▶ [ACTIVITY]: Give again exactly the lines that run from the start of the records to the line holding "Learn your multiplication", both ends counted. Do not include the pictures.

▶ [THE DATA]:
────────────────────────────────────────

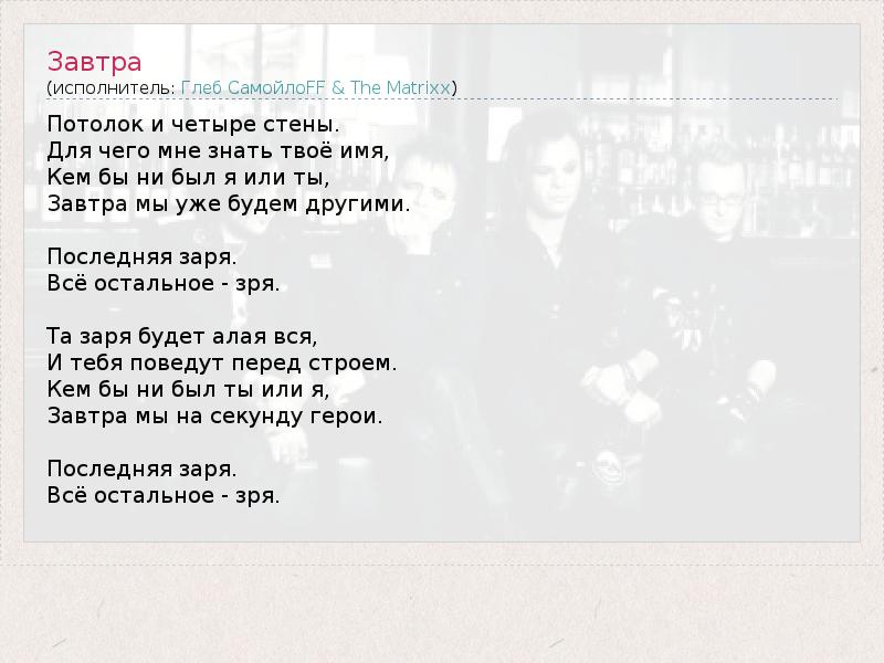 Потолок и четыре стены. Для чего мне знать твоё имя, Кем бы ни был я или ты, Завтра мы уже будем другими. Последняя заря. Всё остальное - зря. Та заря будет алая вся, И тебя поведут перед строем. Кем бы ни был ты или я, Завтра мы на секунду герои. Последняя заря. Всё остальное - зря.
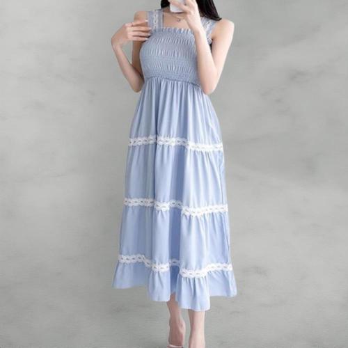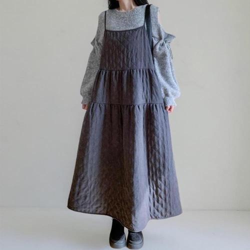 여성 퀼팅 코르셋 끈 드레스 에이라인 롱드레스
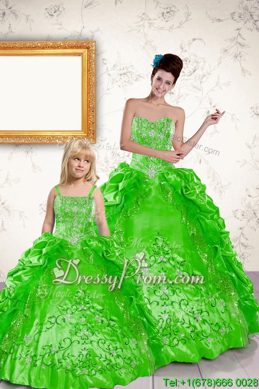 Neckline : SweetheartShown Color : Spring GreenSilhouette : Ball GownsSleeve Length : sleevelessHemline : floor lengthBack Detail : Lace upFabric : TaffetaEmbellishment : Beading,Embroidery,Pick UpsOccasion : Military Ball,Sweet 16,QuinceaneraSeason : Spring,Summer,Fall,Winter
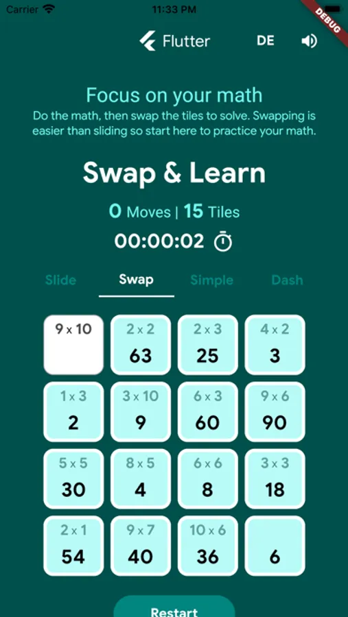 Learn your multiplication tables, practise your sums, try your hand on roman numbers, or switch to a different base system if you like the challenge.
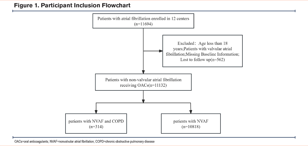 From January 2016 to December 2020, we conducted a retrospective cohort study across 12 centers in China to analyze the risks of bleeding and all-cause death in patients with AF and COPD who were treated with different oral anticoagulants, the list of multicenter hospitals is provided in Supplementary Table 1 in the online supplement. The institutional review board of Fujian Maternal and Child Health Hospital approved the protocol (Registration No.: ChiCTR 2300067734). As the study was retrospective, the institutional review board waived the requirement for patient informed consent. The inclusion criteria for the study were patients diagnosed with AF, and patients currently receiving treatment with warfarin or DOACs (including dabigatran, rivaroxaban, apixaban, and edoxaban). The exclusion criteria were: (1) patients with valvular AF, (2) patients aged ≤18 years, (3) missing baseline information, and (4) loss to follow-up. Ultimately, 11,132 patients receiving oral anticoagulant therapy for AF were included in this study, with an average follow-up period of about 13 months. The flowchart of participant inclusion is shown in Figure 1. These patients were divided into 2 subgroups: patients with AF and concomitant COPD (n=314) and patients with AF without COPD (n=10,818).
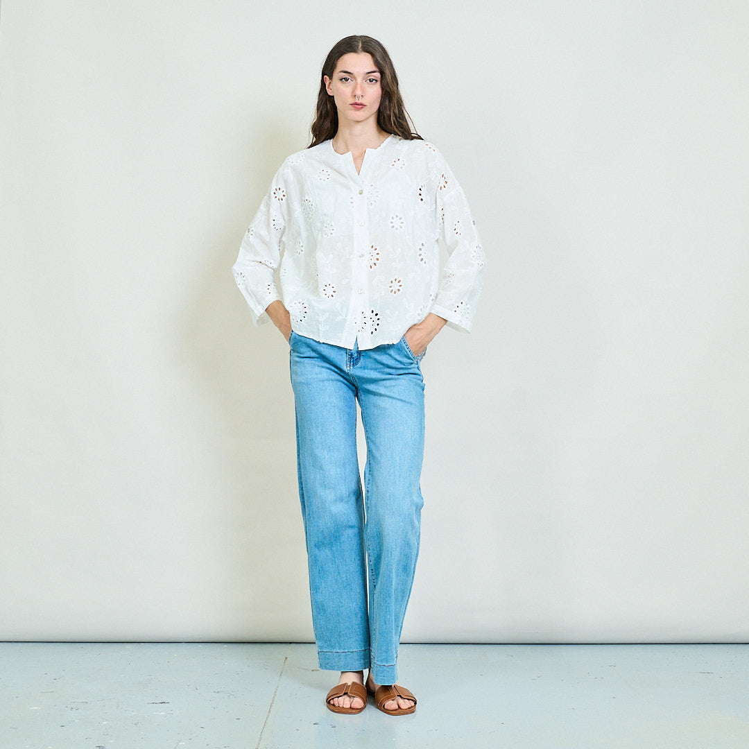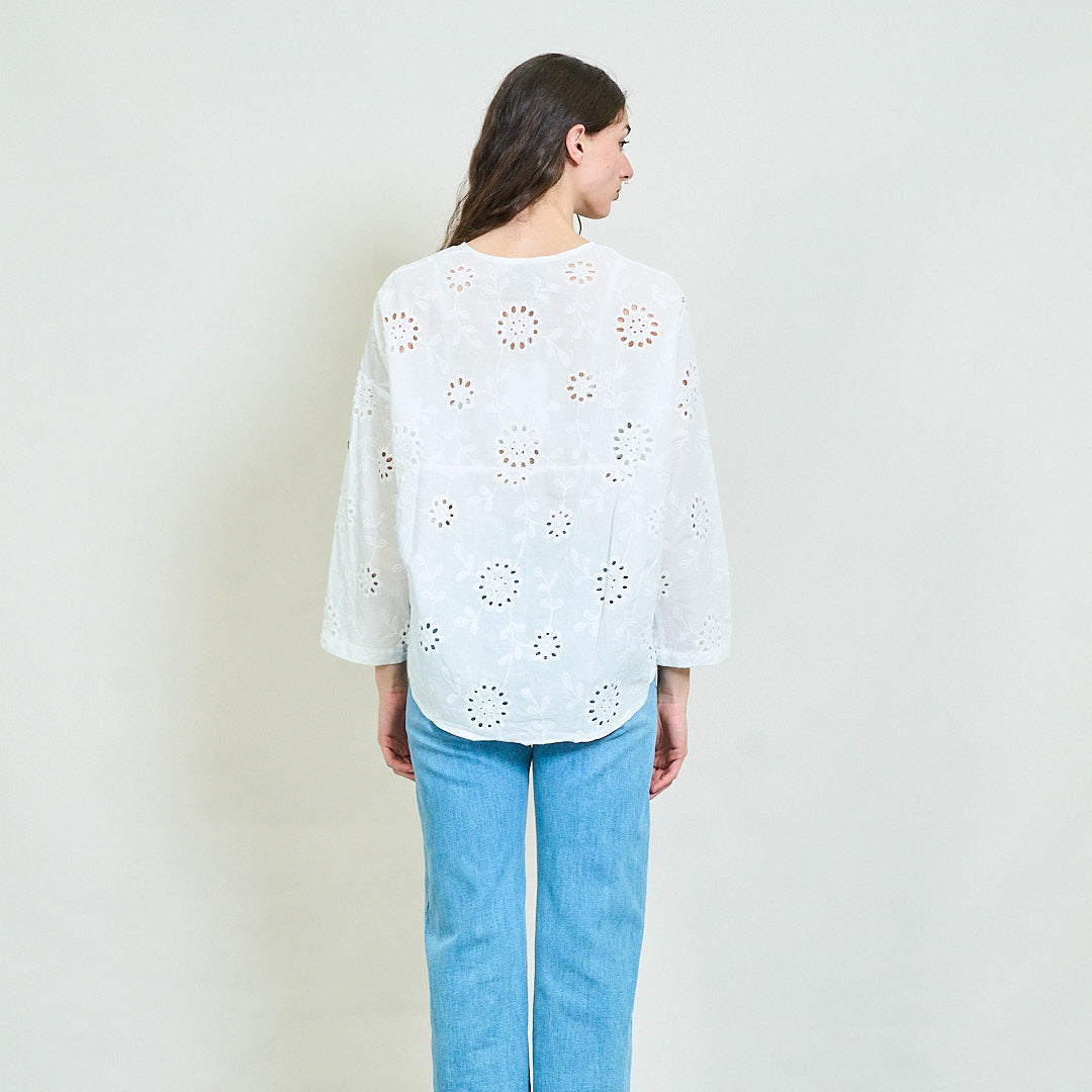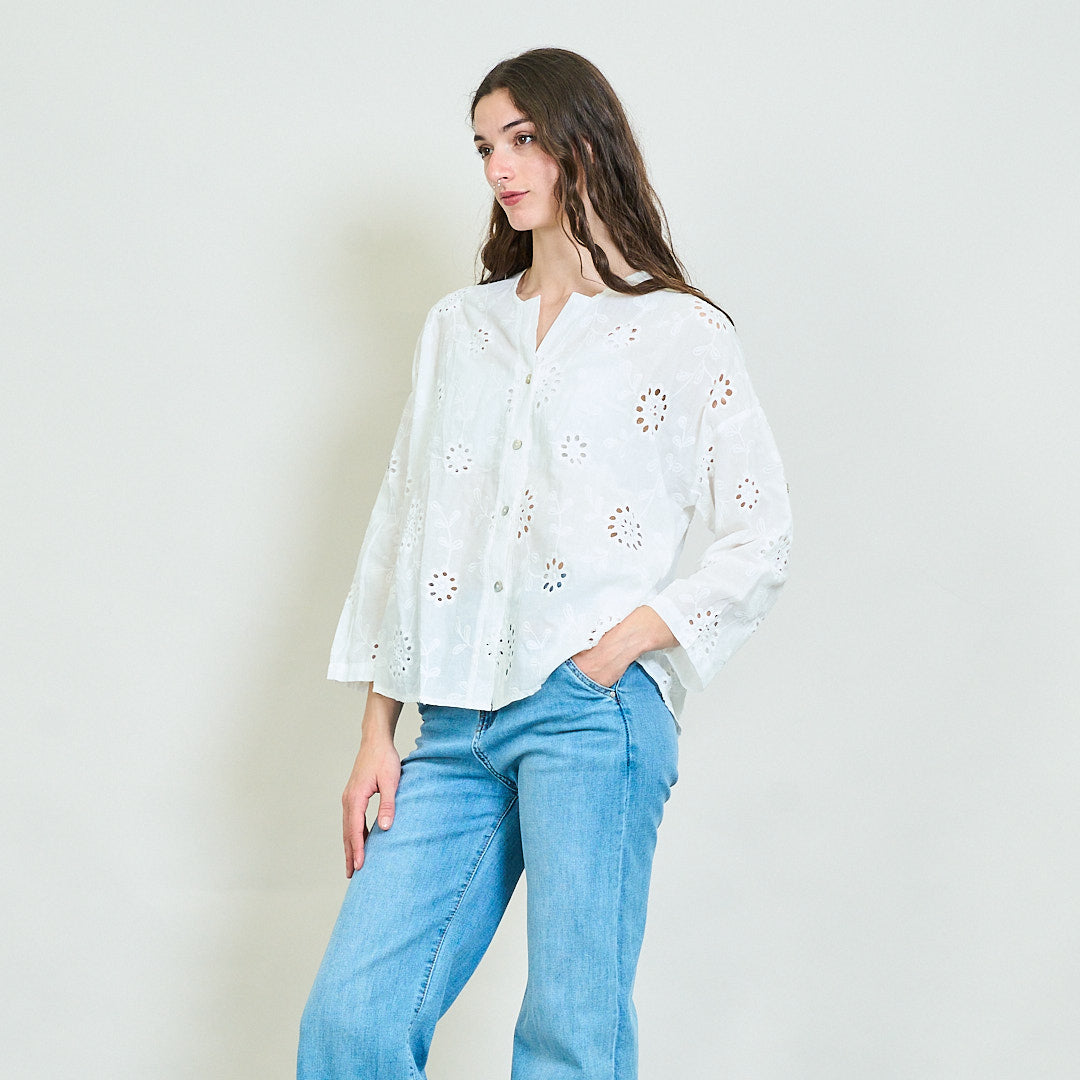 - Hergestellt aus leichter Baumwolle mit zart Blumen Ösenstickerei
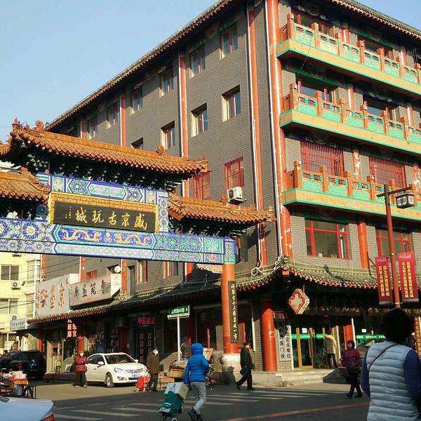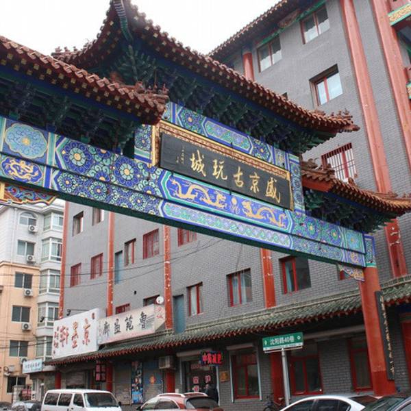 这一条街上卖古玩的比较多,自己对这方面不懂,又没有兴趣,所以不太多的介绍。这条街上都是满清的风格,连宾馆都不放过,只是不知道里面是不是满清的风格,不过楼外的空调显得格格不入,哈哈!这里没有太高的建筑,都是四层左右的矮房子,街道比较干净,毕竟是在皇城附近,去的时候车也不是很多,不过这里有很多禁停的地方。这里主要以古玩为主,也有几家小餐馆,在这里买了几顶帽子,有格格的还有皇帝的帽子,给小孩买的,价格都便宜的狠,三顶才五十块钱,感觉挺有收获的。这里其实买东西一定要靠讲价的,还在这里买了一把扇子,要三十,花了二十买的,上面都是清朝的历代皇帝。
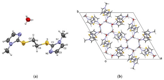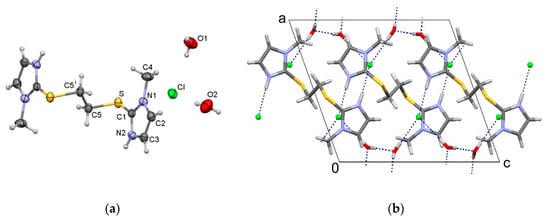 The molecular structure of 2b consisted of two cationic imidazolyl groups bounded to the S-atoms of the dithioethyl group (Figure 2a). Each chloride anion was a hydrogen bond acceptor from the protonated imidazole nitrogen atom N2 and two water molecules (Figure 2b, Table 1). The two water molecules were also connected by hydrogen bonds. Through these hydrogen bonds, the cations, chloride anions and water molecules were interconnected into a 3D network.
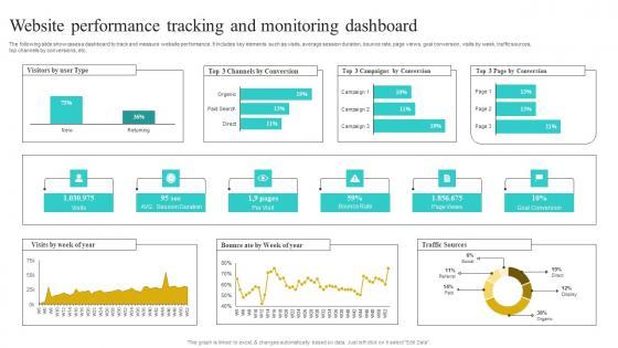 The following slide showcases a dashboard to track and measure website performance. It includes key elements such as visits, average session duration, bounce rate, page views, goal conversion, visits by week, traffic sources,top channels by conversions, etc.If your project calls for a presentation, then Slidegeeks is your go-to partner because we have professionally designed, easy-to-edit templates that are perfect for any presentation. After downloading, you can easily edit Website Performance Tracking And Monitoring Implementing Strategies To Improve Structure Pdf and make the changes accordingly. You can rearrange slides or fill them with different images. Check out all the handy templates The following slide showcases a dashboard to track and measure website performance. It includes key elements such as visits, average session duration, bounce rate, page views, goal conversion, visits by week, traffic sources,top channels by conversions, etc.
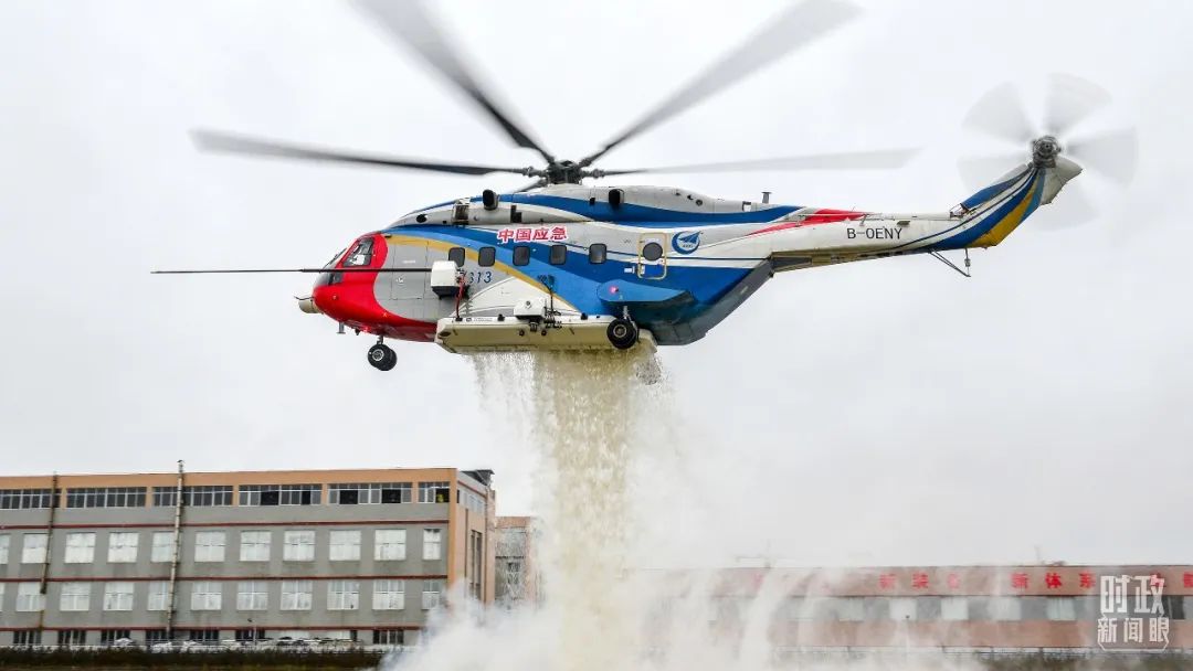△昌飞制造的AC313直升机正在进行护林灭火演练。
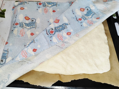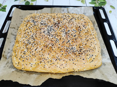 Тесто замешалось легко и быстро, подошло через 1.5 часа. Постное масло придаёт тесту эластичность. У меня ушло 40 мл. на тесто. Я решила раскатать на большой противень одну лепёшку. Оставила на расстойку под полотенцем на 40 минут.

────────────────────────────────────────

▶ [RESULT FOR THIS TASK]:
 Потолок и четыре стены. Для чего мне знать твоё имя, Кем бы ни был я или ты, Завтра мы уже будем другими. Последняя заря. Всё остальное - зря. Та заря будет алая вся, И тебя поведут перед строем. Кем бы ни был ты или я, Завтра мы на секунду герои. Последняя заря. Всё остальное - зря.
 여성 퀼팅 코르셋 끈 드레스 에이라인 롱드레스
 Neckline : SweetheartShown Color : Spring GreenSilhouette : Ball GownsSleeve Length : sleevelessHemline : floor lengthBack Detail : Lace upFabric : TaffetaEmbellishment : Beading,Embroidery,Pick UpsOccasion : Military Ball,Sweet 16,QuinceaneraSeason : Spring,Summer,Fall,Winter
 Learn your multiplication tables, practise your sums, try your hand on roman numbers, or switch to a different base system if you like the challenge.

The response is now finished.